En un mundo dominado por el consumo digital de música, donde el streaming representa el 85% de los ingresos de la industria, surge una tendencia contraria que está haciendo sonar las campanas de lo analógico. Artistas y sellos discográficos están redescubriendo el valor de los formatos físicos, no como reliquias del pasado sino como estrategias innovadoras para conectar con los oyentes del presente.
Los números cuentan una historia fascinante. Mientras el informe Global Music Report 2025 de la IFPI registra un descenso general del 6.1% en ventas físicas, el mercado estadounidense muestra señales de vida con un crecimiento del 3.3% en ventas de CD durante 2023. Lo más sorprendente es que casi la mitad de estos compradores pertenecen a la Generación Z, desafiando el estereotipo de que solo las generaciones mayores añoran los formatos tangibles.
Casos recientes demuestran el potencial de esta tendencia. Cuando la banda A Day To Remember lanzó su álbum «Big Ole Album Vol. 1» exclusivamente en formatos físicos a principios de 2025, el resultado superó todas las expectativas.
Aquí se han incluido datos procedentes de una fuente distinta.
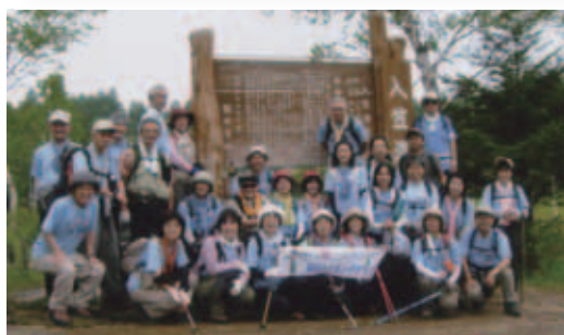
山登りは、健康増進と長生きの栄養素です

2月19・20日(土・日)に智光山公園で野鳥観察会が行われ、参加した8名の皆さんは、カワセミなどの野鳥が自然の中で息づくようすを観察しながら、智光山の自然を満喫しました。

De debutar en el puesto 27 del ranking de Billboard, escaló hasta el quinto lugar en solo una semana, con ventas que se duplicaron de 4,000 a 10,000 unidades. Situaciones similares se repitieron con Blossoms, cuyo álbum «Gary» logró que el 86% de sus ventas provinieran de formatos físicos, un porcentaje impensable en la era digital.
Detrás de este fenómeno hay razones que van más allá de la simple nostalgia. Para muchos oyentes, especialmente los más jóvenes, adquirir un disco o vinilo representa una forma de participación cultural más auténtica que simplemente agregar canciones a una playlist digital. La experiencia multisensorial de manipular un objeto físico, admirar su arte gráfico y leer los créditos crea una conexión emocional que el streaming no puede replicar.
La industria está tomando nota. Plataformas como Metalabel están innovando con conceptos como el «reverse-preorder», donde los álbumes se lanzan primero en formato físico antes de llegar a las plataformas digitales. Esta estrategia no solo genera anticipación, sino que permite a los artistas obtener ingresos directos sin depender exclusivamente de las regalías del streaming, que suelen ser mínimas.
Expertos señalan que este resurgimiento no significa un abandono del modelo digital, sino más bien una búsqueda de equilibrio. En un mercado saturado de contenido musical disponible al instante, los formatos físicos ofrecen a los artistas una manera de destacarse, crear objetos de valor y fortalecer el vínculo con sus seguidores más comprometidos. Lo que algunos consideraban una reliquia del pasado se está convirtiendo, paradójicamente, en una de las herramientas más innovadoras para el futuro de la industria musical.